Very nice to see a picture of Montague Summers’s gravestone [ FT349:46], which I was involved in erecting many years ago with my colleague Edwin Pouncey. Montie didn’t write a Life of Dryden, though he did edit an edition of his plays. As to his involvemen­t in the occult, his bibliograp­her Timothy d’Arch Smith met an old actor using the stage name Anatole James, who gave details of a Black Mass Montie conducted at which he and a Catholic youth called Sullivan were present, along with Montie’s pet dog.

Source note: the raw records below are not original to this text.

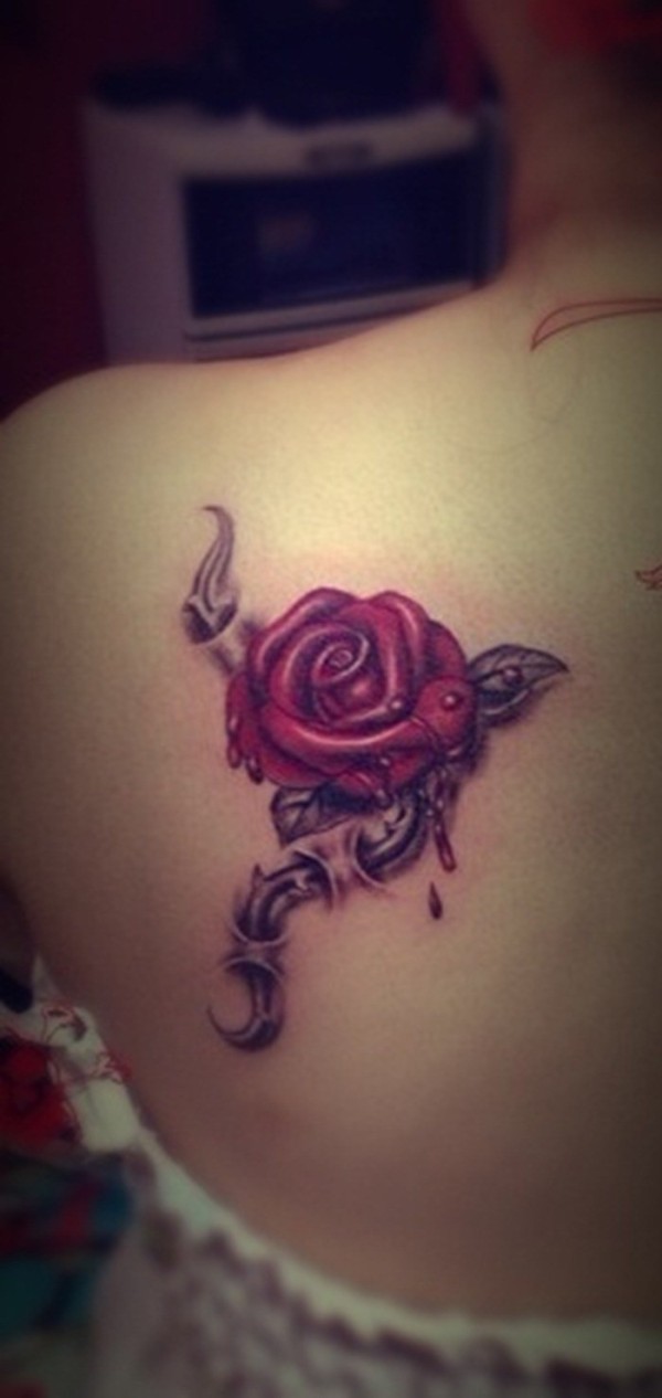 肩部妖艳的玫瑰纹身
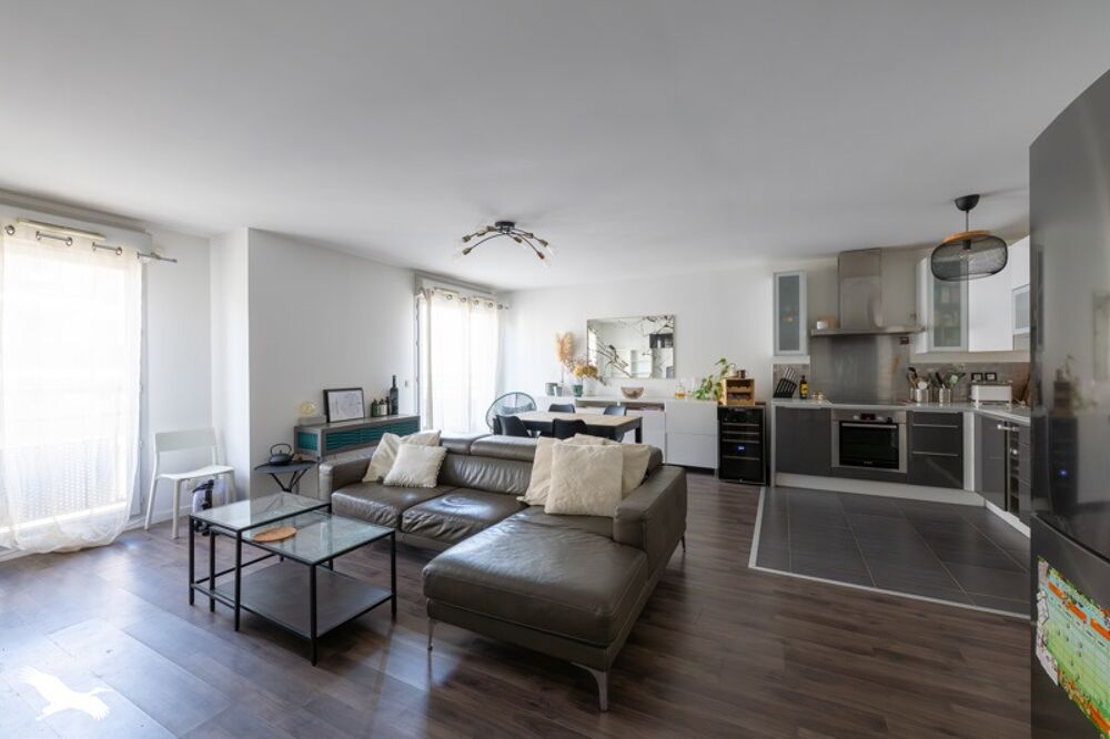 Grand et lumineux séjour ouvert sur cuisine avec balcon exposé ouest, deux chambres, une salle de bain et une salle d'eau.
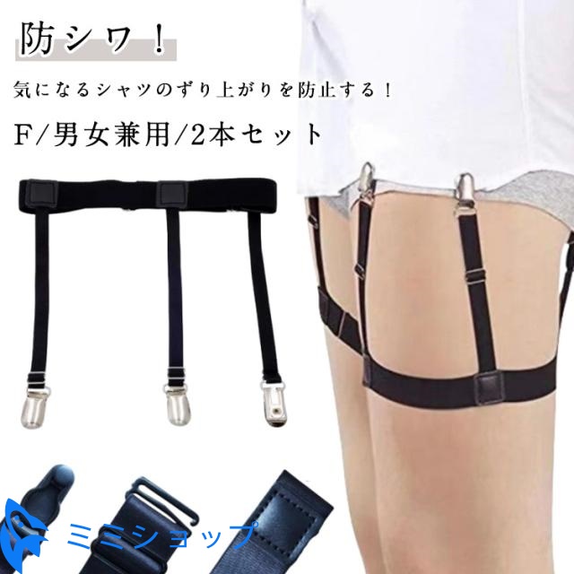 ベルト レディース メンズ ずれ防止 2本セット シャツ用 シャツガーター シャツ ゴムベルト シャツズレ防止 はみ出し防止 シャツクリップ サスペンダー ガーターベルト シャツ スーツ ビジネス 便利 調節可能
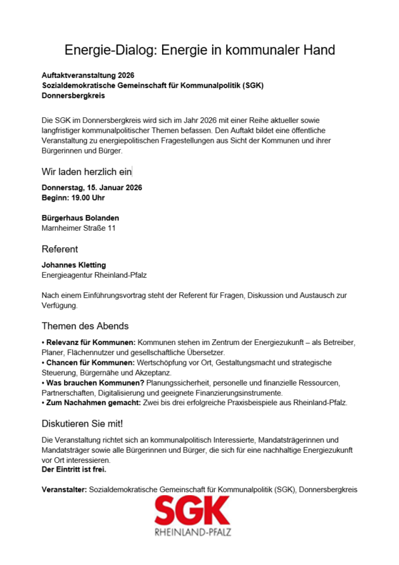 Entwürfe können bis zum 30. Oktober 2025 per Post an das Wahlkreisbüro Jaqueline Rauschkolb, Bahnhofstr. 3a, 67806 Rockenhausen eingereicht werden. Mit dem Einsenden wird gleichzeitig das Einverständnis zur Veröffentlichung erteilt.
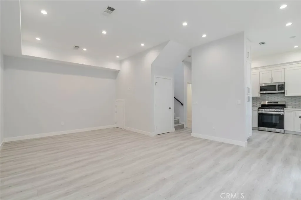 The open-concept layout is filled with natural light and showcases a modern kitchen complete with sleek quartz countertops, stainless steel appliances, and ample cabinetry, perfect for everyday living and entertaining. The inviting living and dining areas create a seamless flow, enhancing the home’s airy and welcoming feel.
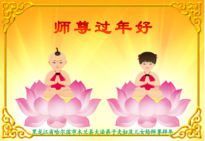 黑龙江省哈尔滨市木兰县大法弟子夫妇及儿女恭祝师尊过年好!
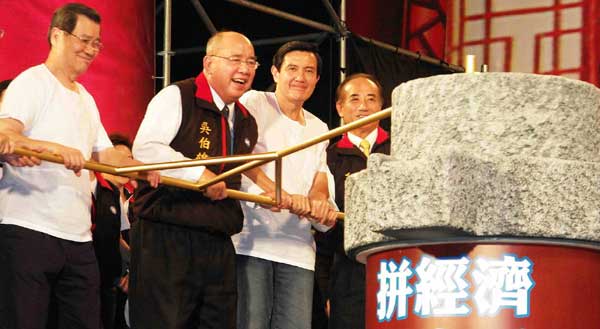 中國國民黨今天舉行113周年黨慶活動,國民黨2008年臺灣地區正副領導人選舉參選人馬英九(左三)、蕭萬長(左一),國民黨主席吳伯雄(左二),臺灣“立法院長”王金平(左四)共同推石磨,宣示“拼經濟”。來源:臺灣“中廣新聞”
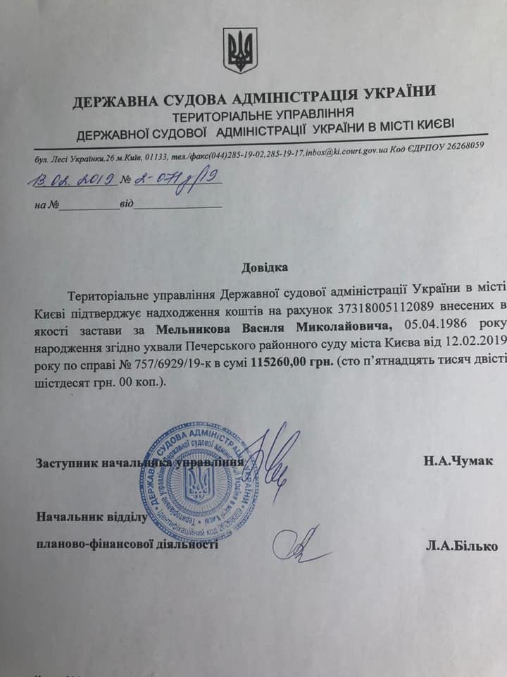 Позже другой кандидат в президенты Александр Вилкул тоже заявил, что внес 115 тысяч гривен залога за полицейского Мельникова.
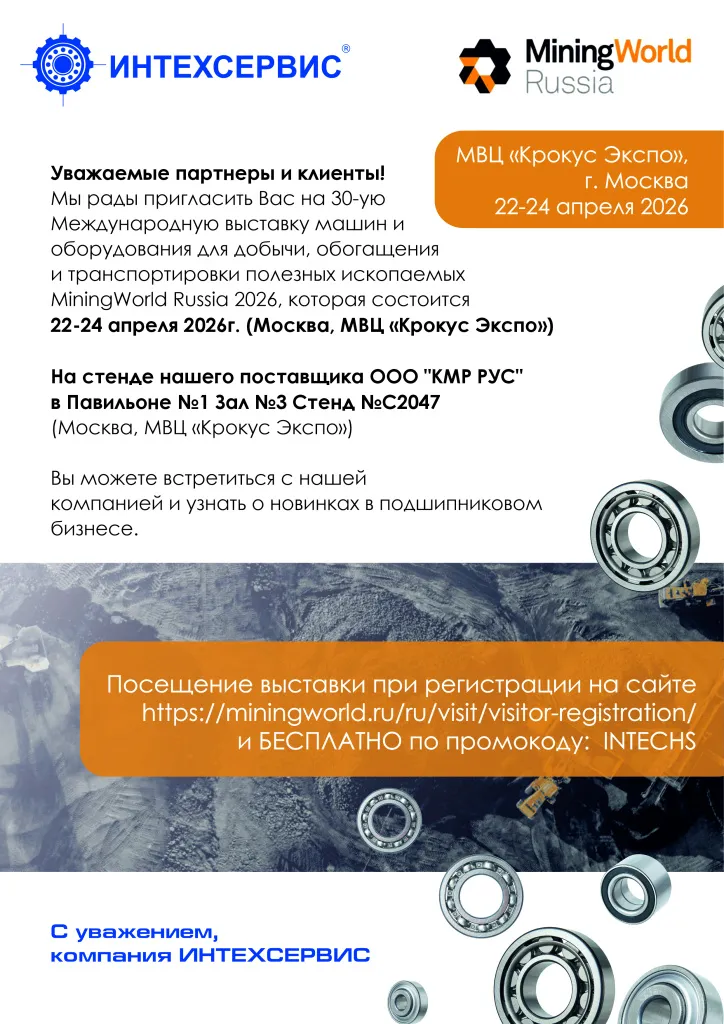 ИНТЕХСЕРВИС приглашает вас на MiningWorld Russia 2026 — встречу с инновациями в подшипниковом бизнесе!
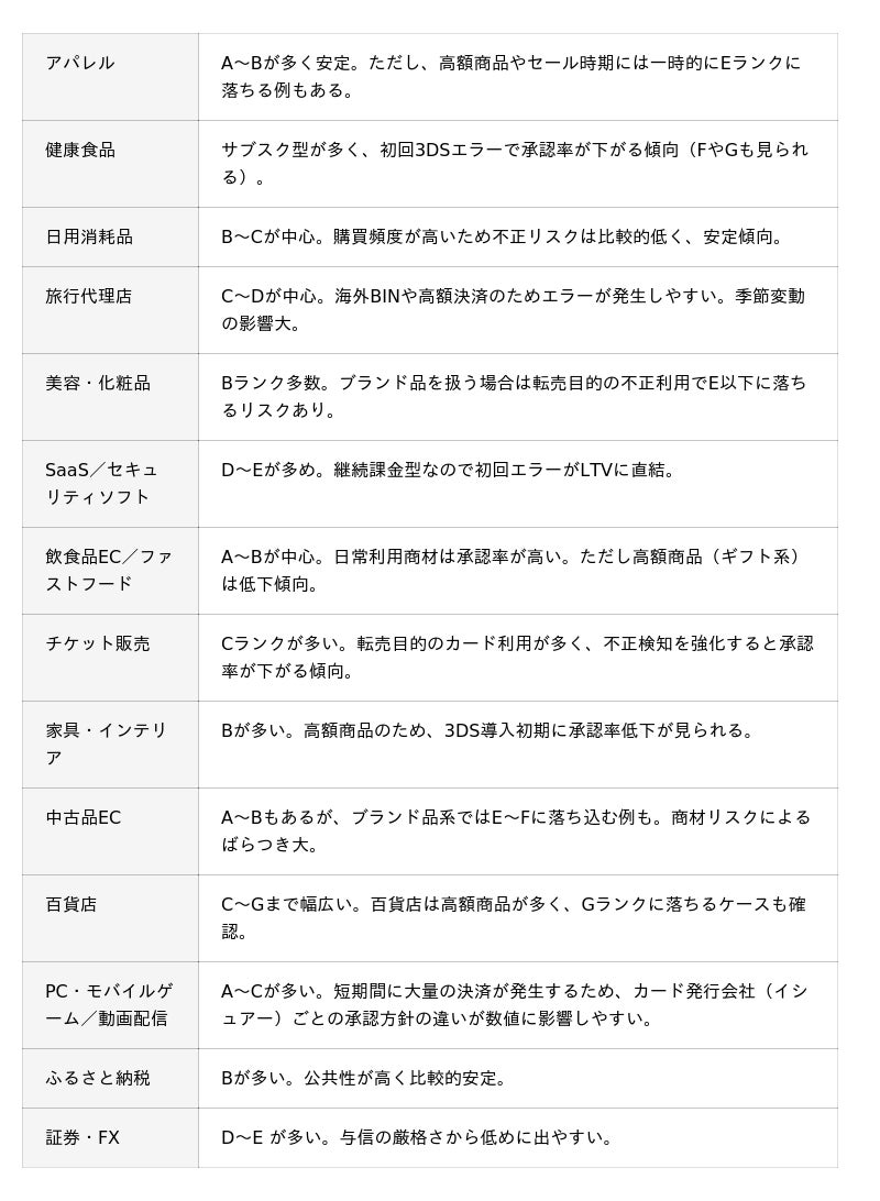 3Dセキュアを導入した企業では、全体的に決済承認率が下がる傾向が見られました。多くの企業が90%前後に集中し、B~Cランクに位置していますが、一部では3Dセキュア特有のエラー増加によってCランクからD・Eランクに低下する事例も確認されました。つまり、導入は不正対策上の効果がある一方で、運用設計が不十分な場合には承認率に負の影響を及ぼす可能性があることが明らかとなりました。

James also recalled how he and Summers, who was “made up to the eyes and reeking of scent” (d’Arch Smith, p.44) went out in search of companions, young Catholic lads being Summers’s prey. Tim was convinced by this testimony and so am I. If you examine Summers’s book of poems, Antinous, it is very much decadent and Satanist in nature and completely at odds with his later work. Ambivalent? Enigmatic certainly. Gay definitely. Sandy Robertson By email

Brian Regal’s article usefully discusses Summers’s trials as a working author, but fails to convey the extreme

murkiness of his life. I’ll give two examples. First, the question of Summers’s orders in the Catholic Church is extremely obscure and opens fascinatin­g byways among the episcopi vagantes (independen­t bishops) and Anglo-Catholic underworld of the early 20th century. Second, when Summers was involved in the 1908 pederasty scandal, why was the clergyman accused with him sent to prison, while Summers seems to have escaped prosecutio­n? There was a lot more going on in Summers’s life than Regal suggests. Bob Emery Albany, NY

Editor’s note: An informed source tells us that the clergyman accused with Summers was Austin Pemberton Nelson, whom he probably met at Lichfield Theologica­l College. He was born in 1876 and ordained in 1905. At Taunton Assizes in 1910 he was sentenced to 18 months’ hard labour for “a grave offence” on 18 October 1909, with a youth, Septimus Bailey (14), son of Samuel Bailey, lamplighte­r. He was sent to Shepton Mallet prison. Septimus may have been a fishmonger’s errand boy (he certainly was in 1911). Perhaps Summers found him a little too high-smelling for dalliance.